Extracted data entries:
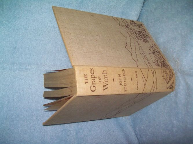 Viking, New York, June 1939, 7th pr. (believe BCE). Hard cover, 619 pages. Brown wrap-around illustration on oatmeal-coloured boards; a bit of lower edge wear; some of corner wear with a bit of fraying at upper points; touch of soil and age-toning on boards. No jacket. Battle Hymn paste downs and endpapers with off-setting; binding cracked at verso of rear endpaper, all pages secure. Bit of soil on outer page block. Interior clean and unmarked with tanning pages. The story of the Joad family during the Great Depression, travelling from Oklahoma to California in search of a better life.
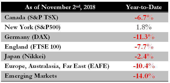 February 2009, May 2010, August 2011, January 2016 – these are all months in which the S&P500 lost as much ground as it did in October 2018. All of these months were quickly forgotten as side-notes to the longest-running bull-market in history. So why are investors so shaken from the recent stock market movements? In this month’s Innova Market Insights, we discuss the recent shake-up on the world markets and some of the contributing factors to this year’s abysmal stock market performance.
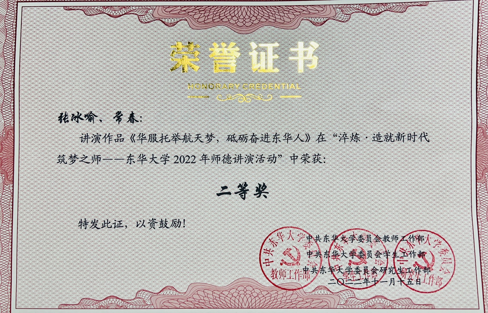 11月15日,以“淬炼·造就新时代筑梦之师”为主题的91club 2022年师德讲演活动(决赛)在松江校区举办。我院表演系张冰喻老师代表学院精彩演绎《华服托举航天梦,砥砺奋进东华人》,在全校10个原创师德故事作品讲演中脱颖而出,获得二等奖(全校第二名)的优异成绩。
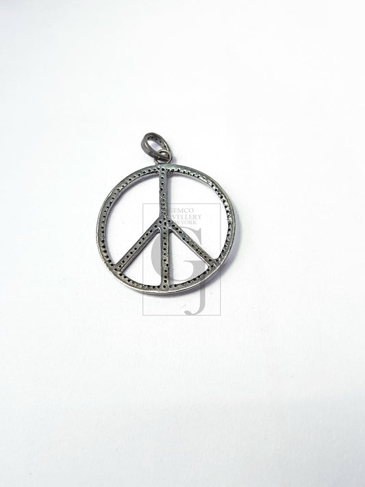 Beautiful Peace Designer Symbol Pendant Rocecut Pave Diamond Pendant 925 Sterling Silver Handmade Finish Diamond Jewelry
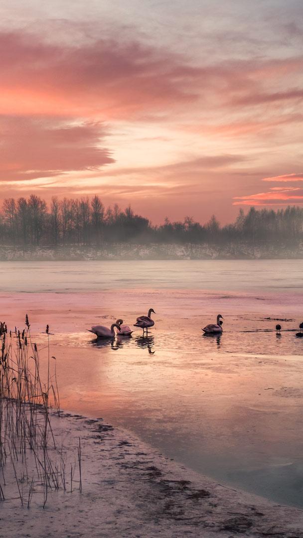 Stellen Sie sich vor, Sie stehen an einem zugefrorenen See in Deutschland, während die ersten Strahlen der Morgensonne den Horizont erhellen. Sie können sich entspannen, im Einklang mit der Natur beobachten, wie das Eis wie Millionen kleiner Diamanten glitzert. Erholung, Entspannung und Entschleunigung sind unser heutiges Motto. Für Herz und Seele ist es wichtig, manchmal innezuhalten und die Welt zu betrachten, als stünde sie still. Die kalte Luft ist erfrischend und die Aussicht atemberaubend. Ein perfekter Moment, um tief durchzuatmen und die Ruhe zu genießen. Ein solcher Morgen erinnert uns daran, wie schön und friedlich die Natur sein kann. Wer einmal die Gelegenheit hat, einen zugefrorenen See bei Sonnenaufgang zu erleben, sollte sich diesen magischen Moment nicht entgehen lassen.
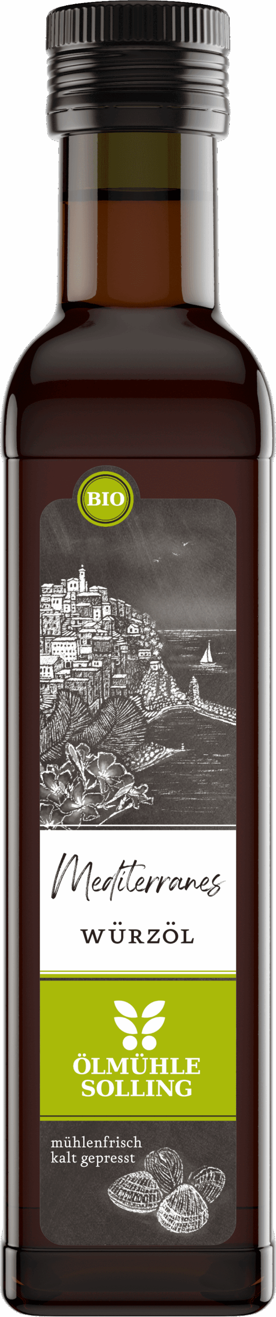 Dieses Würzöl enthält das natürliche Aroma aus Paprika, Oregano, Pfeffer, Basilikum, Koriander, Rosmarin, Thymian, Zwiebeln und Majoran kombiniert mit kaltgepresstem Rapsöl.
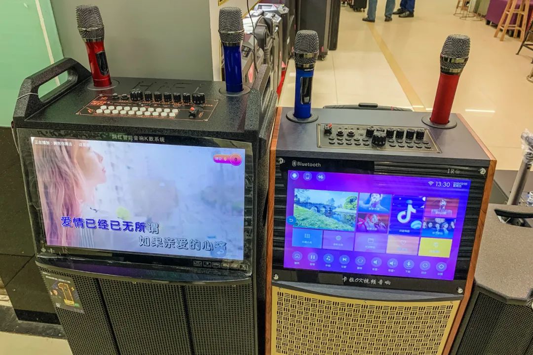 广场舞专用的滑轮音响、唱歌专用的点歌机都摆在门前最显眼的位置。相邻店家相互寒暄,隔着几个摊位都能聊得热火朝天。
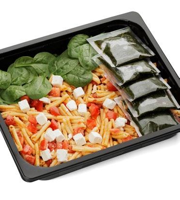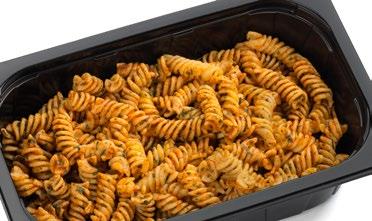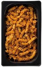Ainesosat: Chilimaustettu pasta 58 % (keitetty pasta (vesi, pasta (durumvehnä, vesi), tomaattisalsa (tomaatti, sipuli, tomaattimurska (tomaatti, tomaattimehu), sokeri, paprika (paprika, vesi, suola, viinietikka, sokeri), sitruunapyree, limetäysmehu (tiivisteestä) (E224 kaliumdisulfiitti), appelsiini-balsamico (balsamietikka (valkoviinietikka, rypälemehutiiviste), appelsiinimehutiiviste, appelsiinikuoriuute, luontainen appelsiiniaromi, luontaiset aromit, hapettumisenestoaine (E224 kaliumdisulfiitti), valkosipuli, suola, väkiviinaetikka, peperoni (paprika, vesi, suola, viinietikka, säilöntäaine (E224 kaliumdisulfiitti), hedelmäpyree (ananas, sitruuna, inkivääri, kandeerattu inkivääri (inkivääri, sokerisiirappi)), valkosipuli, sakeuttamisaineet (E440, E412), chili, mustapippuri, happamuudensäätöaine (E330), säilöntäaineet (E202, E211), oregano), rypsiöljy, buffalomausteseos (sipuli, tomaatti, valkosipuli, paprika, chili, mustapippuri, liperi, juustokumina, cayenne, oregano, suola, aromit (hiivauute, kana, paprika, chili, viinietikka), sokeri, dekstroosi, hapettumisenestoaine (E296), rapsiöljy), fetajuusto 16 % (pastöroitu lampaan- ja vuohenmaito, hapate, juoksute, suola), tomaatti, babypinaatti. Pestokastike 20g: basilika 42 %, rypsiöljy, oliiviöljy, auringonkukansiemen, vaalea balsamietikka (viinietikka, rypälemehutiiviste, hapettumisenestoaine (E224 kaliumdisulfiitti), suola, valkosipuli, sokeri, mustapippuri, juustoaromi (maito), happamuudensäätöaineet (E330, E300), muunnettu maissitärkkelys, säilöntäaineet (E202, E211). Pakattu suojakaasuun. Voimakassuolainen.
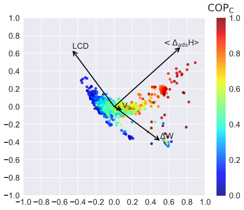 图四.MOFs结构特征、吸附性能与热泵性能之间的主成分分析
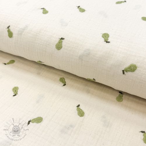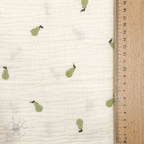 Dvoslojna gaza/muslin EMBROIDERY Fruit green SIMPLY NATURAL
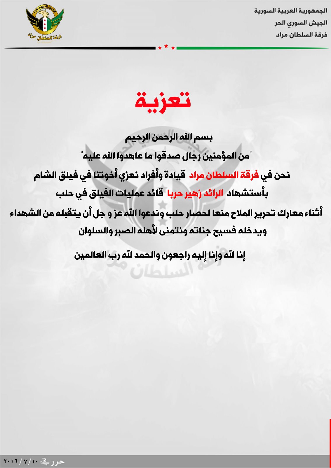 فرقة السطان مراد تعزي فيلق الشام بقائد عملياته الرائد زهير حربا
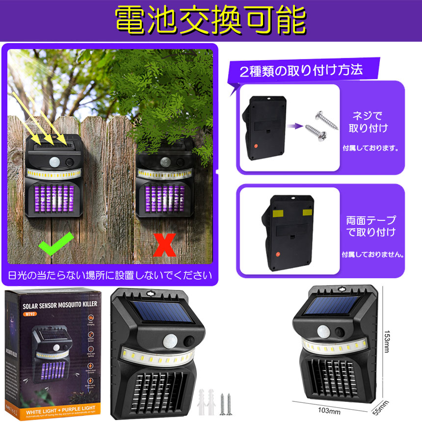 蚊取り器 殺虫灯 電撃殺虫器 ソーラーライト 16 LED センサーライト 蚊よけ 照明 虫除け コバエ取り ガーデンライト キャンプ ライト ledライト 人感ライト 玄関ライト 捕虫器<br>
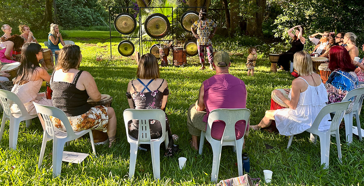 On Sunday afternoon we met at a stunning iconic venue in Byron that has a large open outside space underneath massive fig trees and a very cute church hall. We began with a smudge and didge ceremony taking a moment to connect to country and reflect on their personal journey through the Acutonics program. Then they each received their certificates and had the opportunity to share with the group, which included fellow students as well as loved ones who were able to be present for this celebration. After the formal presentation we all shared in a super fun connective experience, a group drumming workshop from a local African percussive teacher. The final celebration included a catered dinner and entertainment from a great African dance music band, Happy Africa. And dance we did!
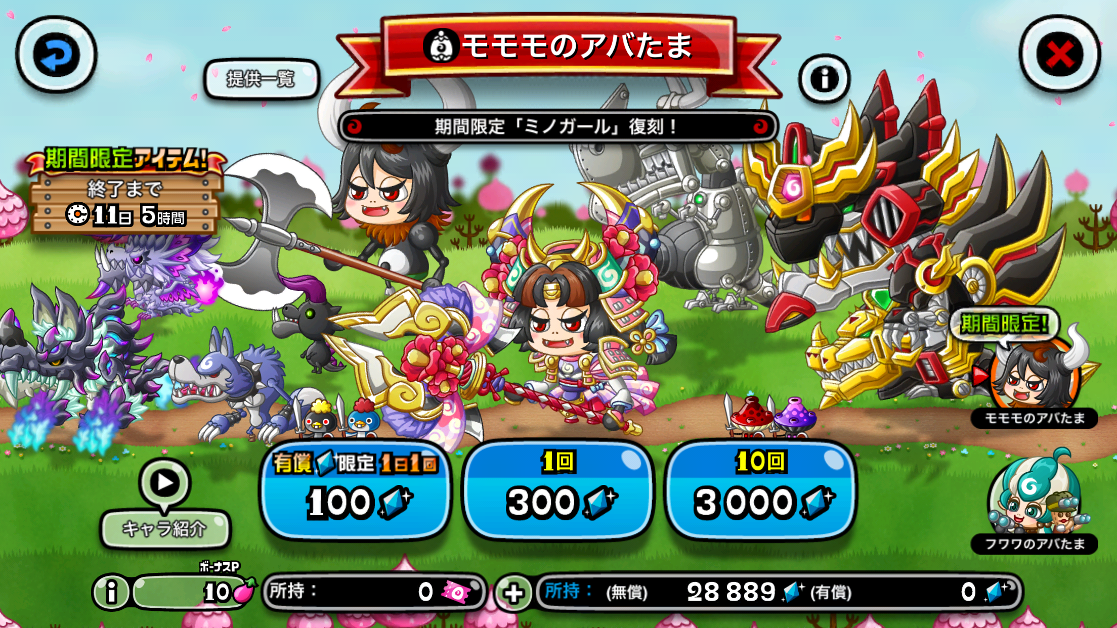 下記期間中、ゲームにログインするだけで1日1回「モモモのアバたまチケット」がもらえます。期間中最大10枚のチケットが手に入ります。
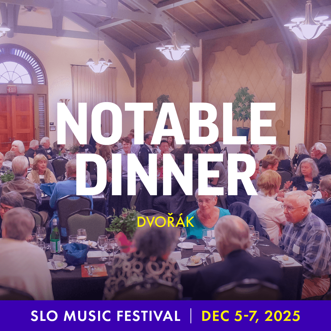 Join Scott Yoo and the Festival artists for an interactive musical exploration of Dvořák's Piano Quartet. Throughout the evening you will learn about the composer, hear performances of some selections, and gain insight into the piece. The evening will conclude with a gourmet three-course dinner complete with award-winning Central Coast wines. The event begins with wine and passed appetizers in the foyer at 3:00 PM. The Notable Encounter presentation will begin at 4:00 PM, followed by a three-course dinner at 5:00 PM.
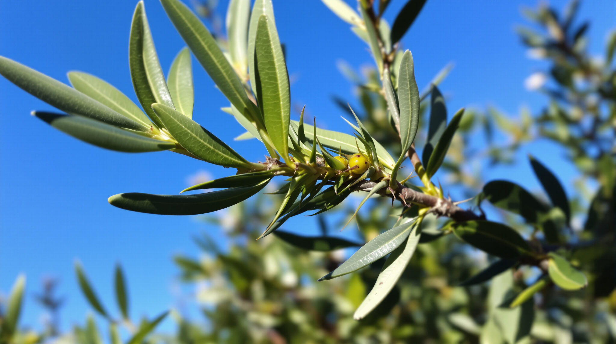 L’oléastre épineux prospère dans des conditions méditerranéennes authentiques, avec des étés chauds et secs et des hivers modérément froids. Son système racinaire développé lui permet de puiser l’eau en profondeur, mais un apport hydrique raisonné pendant les premières années favorise son établissement.
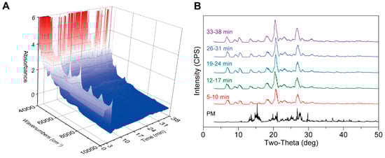 NIR can detect the generation of CC in-line during the PAT process. (A) NIR for in-line analysis (0-38 min). (B) PXRD for off-line analysis.
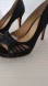 Antonio Melani Black Satin Crystal Rhinestone Bow Peep Toe Platform Pumps
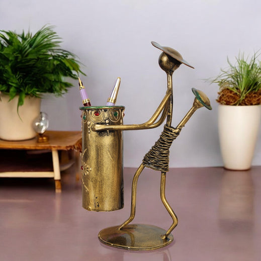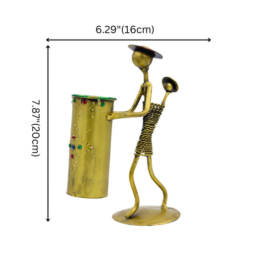 Discover the beauty of this iron pen holder, featuring a mother carrying a child and a basket, finished in vintage IRON. Its rustic elegance and abstract design highlight intricate details, including coils and a textured basket. This functional yet artistic piece adds cultural sophistication to any desk or shelf, making it an ideal gift and a standout decorative accent., Material - Iron

▶ [Your objective]: With the pictures left out, write out exactly the lines above from the one containing "图四.MOFs结构特征、吸附性能与热泵性能之间的主成分分析" through the one containing "L’oléastre épineux prospère".

▶ [Written answer]:
 图四.MOFs结构特征、吸附性能与热泵性能之间的主成分分析
 Dvoslojna gaza/muslin EMBROIDERY Fruit green SIMPLY NATURAL
 فرقة السطان مراد تعزي فيلق الشام بقائد عملياته الرائد زهير حربا
 蚊取り器 殺虫灯 電撃殺虫器 ソーラーライト 16 LED センサーライト 蚊よけ 照明 虫除け コバエ取り ガーデンライト キャンプ ライト ledライト 人感ライト 玄関ライト 捕虫器<br>
 On Sunday afternoon we met at a stunning iconic venue in Byron that has a large open outside space underneath massive fig trees and a very cute church hall. We began with a smudge and didge ceremony taking a moment to connect to country and reflect on their personal journey through the Acutonics program. Then they each received their certificates and had the opportunity to share with the group, which included fellow students as well as loved ones who were able to be present for this celebration. After the formal presentation we all shared in a super fun connective experience, a group drumming workshop from a local African percussive teacher. The final celebration included a catered dinner and entertainment from a great African dance music band, Happy Africa. And dance we did!
 下記期間中、ゲームにログインするだけで1日1回「モモモのアバたまチケット」がもらえます。期間中最大10枚のチケットが手に入ります。
 Join Scott Yoo and the Festival artists for an interactive musical exploration of Dvořák's Piano Quartet. Throughout the evening you will learn about the composer, hear performances of some selections, and gain insight into the piece. The evening will conclude with a gourmet three-course dinner complete with award-winning Central Coast wines. The event begins with wine and passed appetizers in the foyer at 3:00 PM. The Notable Encounter presentation will begin at 4:00 PM, followed by a three-course dinner at 5:00 PM.
 L’oléastre épineux prospère dans des conditions méditerranéennes authentiques, avec des étés chauds et secs et des hivers modérément froids. Son système racinaire développé lui permet de puiser l’eau en profondeur, mais un apport hydrique raisonné pendant les premières années favorise son établissement.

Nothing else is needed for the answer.